Car-Mounted Ads Take a New Direction: Data Collection - pseudolus
https://www.citylab.com/transportation/2019/11/firefly-digital-advertising-driver-pay-uber-lyft-cars-data/602077/
======
shostack
I couldn't help but notice some of the internal comms wires that were
seemingly crossed between Firefly's CRO and their Product team (and the police
apparently).

>"When you look at that density in major cities, we do have the potential to
collect significant amounts of data. The question is what to do with that
data.” (After this story was published, a Firefly representative said the
company was “not questioning what to do with that data.”)"

>"But he said they’ve been “contemplating” and “testing lightly” a feature
where the screens pick up noise off the street with built-in microphones.
(Noise sensors are not part of last week’s roll-out. A Firefly representative
stressed to CityLab after publication that Hudes has nothing to do with the
product team where these decisions would be made, and that all his mentions of
such a feature are hypothetical and are not part of the company’s roadmap.)"

>"Acoustic data cross-referenced with GPS coordinates might help police
identify where the shot came from, and from what direction. The San Francisco
police department says that “never had such a discussion with a Firefly
representative about this hypothetical use of this technology.” They did meet
with a representative “to discuss the possibility of featuring public safety
messages on the display screens,” but have no formal agreement, and have “no
plans to move forward with an agreement.”

------
winternett
The bottom line of all the pay for ad mounting that goes around in the world,
it would be really great to see how much profit it really returns, minus all
the expenses...

I've implemented ads on web sites before, and though they weren't high traffic
sites, they still made thousands of hits every month and ad revenue was
nowhere near the hours it too to implement and configure ads across them.
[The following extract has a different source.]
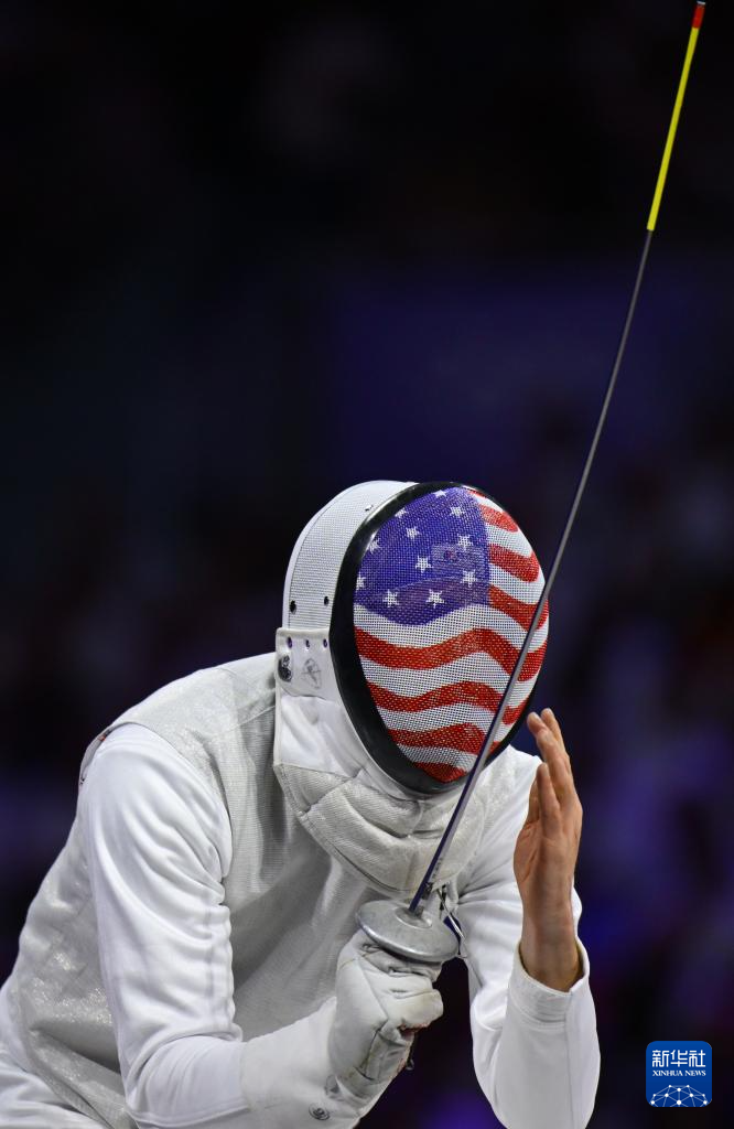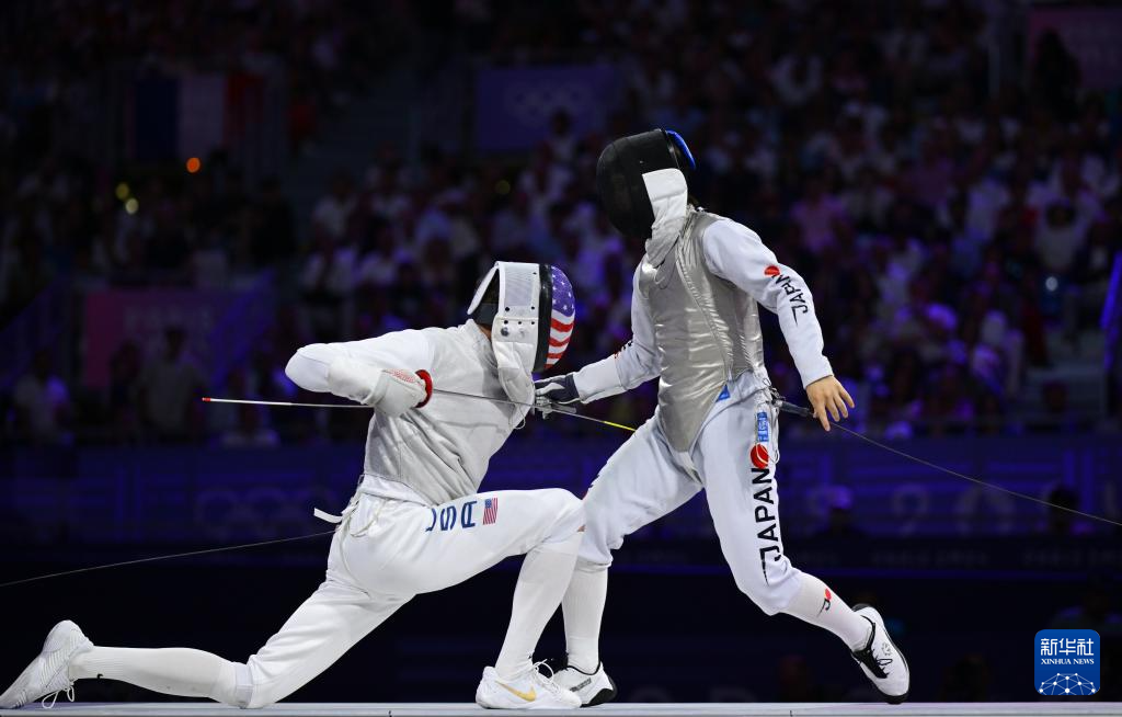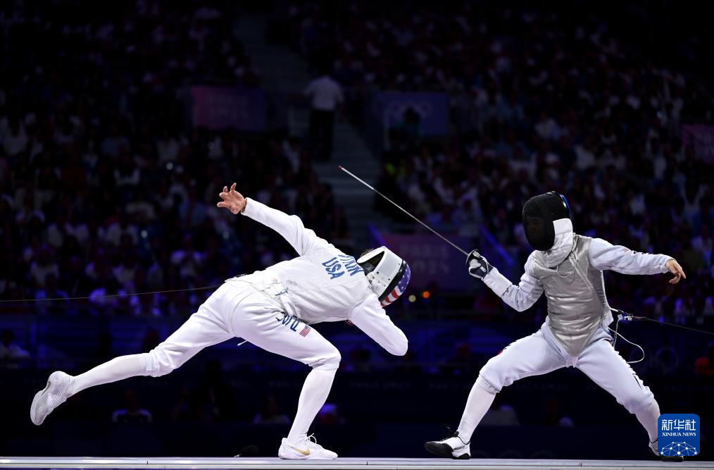 当日,巴黎奥运会击剑项目男子个人花剑铜牌赛在巴黎大皇宫举行,美国选手伊特金15比12战胜日本选手饭村一辉,获得季军。

Side revenue is a great thing when it works, but there are so many pyramid
schemes when it comes to ride sharing, house sharing, office space sharing,
scooter sharing and everything else, it's making me wonder if all the people
that used to sell AMWAY and Tupperware are at the bottom of this one. Maybe
I'm being cynical... But putting a billboard on top of my car for $300 a month
doesn't justify the wear and tear to even a hooptie, and the damage it will do
the one time I forget it's on and drive through an automated car wash. :/